Colorectal cancer is common and deadly. It is the third most common malignancy and the fourth most common cause of cancer death in the world. A new study published in BMC Medicine reports that diet can make a difference. The results are good news for people who skip meat.
How Do Plant-Based Diets Affect the Risk of Colorectal Cancer?
The investigators recruited more than 200,000 individuals in Hawaii and Southern California between 1993 and 1996 (BMC Medicine, Nov. 29, 2022). During almost 20 years of follow-up, nearly 5,000 volunteers developed colorectal cancer.
Utilizing data collected on diet, the researchers determined that men eating a diet rich in healthy plant foods had a significantly lower likelihood of developing this type of malignancy. The investigators hypothesize that a diet rich in fiber, polyphenols and carotenoids has anti-inflammatory activity. The gut microbiota may also contribute to the anti-cancer benefits of a plant-based diet.

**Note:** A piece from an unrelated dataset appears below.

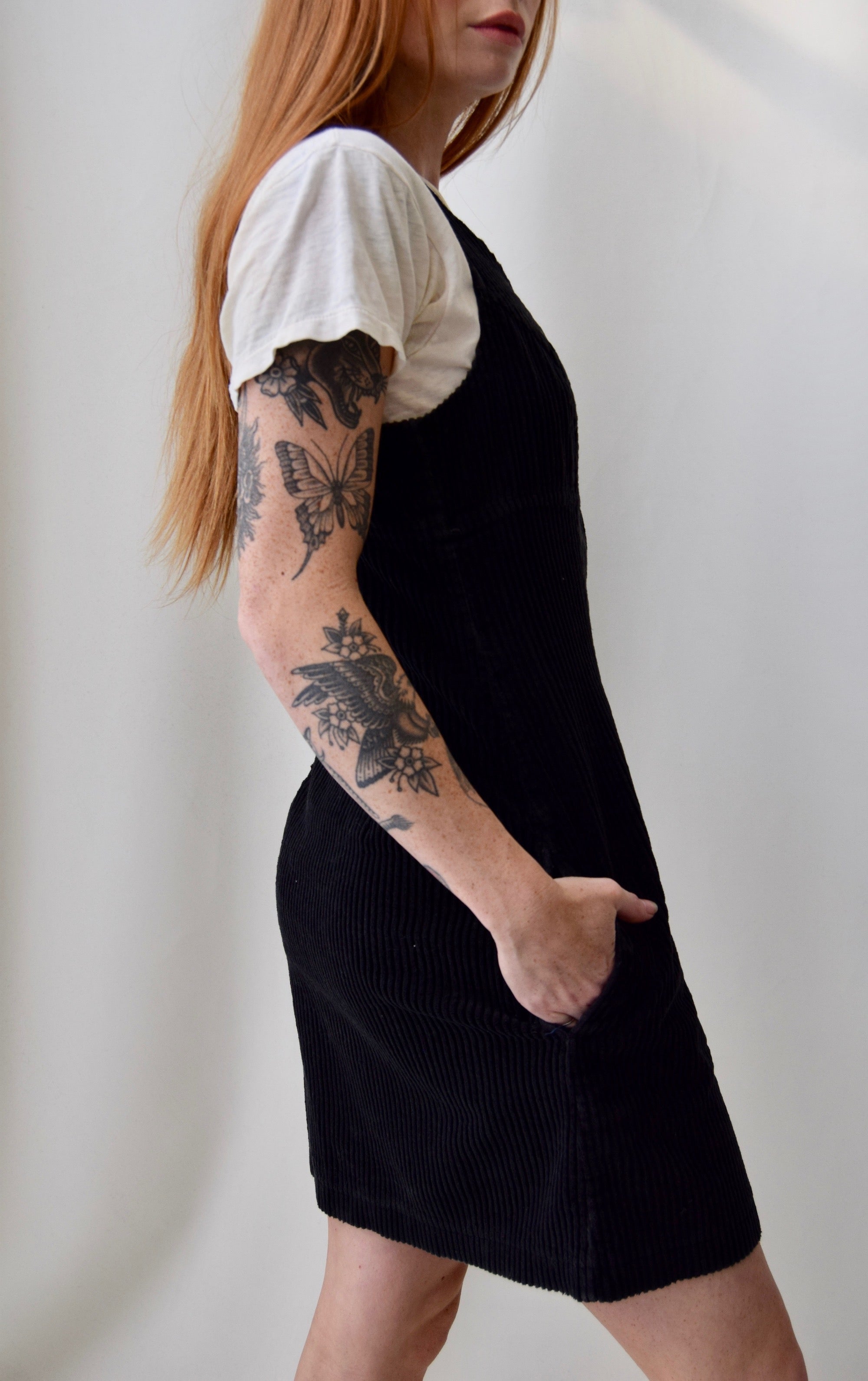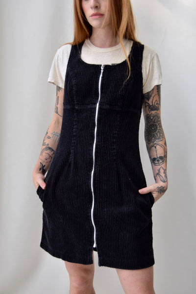 Black Corduroy Dress. Full Length Front Zipper. 2 Hip Pockets.

Previous Research on Vegetarian Diets and Colorectal Cancer:
A large study suggests that people who skip meat most of the time are less vulnerable to colorectal cancer. Although previous studies have produced similar results, this is by far the largest.
How Did Scientists Study People Who Skip Meat?
The data come from more than 470,000 participants in the UK Biobank (BMC Medicine, Feb. 24, 2022). None had cancer at the beginning of the study, and all filled out detailed dietary questionnaires. There were four categories: people who ate meat regularly, people who ate it rarely, people who ate fish rather than meat, and vegetarians. More than half of the volunteers (247,571) said they eat meat regularly. However, a relatively large number said they are people who skip meat most of the time (205,385). The UK also has a share of pescatarians (10,696) and some vegetarians (8685). The questionnaires did not distinguish between vegetarians and vegans, who avoid dairy products, eggs and honey as well as meat, poultry and fish.
What Do the Data Show?
The researchers tracked these volunteers for an average of 11 years. Analysis showed that people who rarely or never ate meat were less likely to be diagnosed with cancer during that time. Specifically, vegetarian women had a 18 percent lower likelihood of postmenopausal breast cancer. In addition, pescatarian or vegetarian men were 20 percent less likely to develop prostate cancer. In addition, people who skip meat habitually had a 9 percent lower risk of colorectal cancer than meat-eaters. This was especially clear for men rather than women.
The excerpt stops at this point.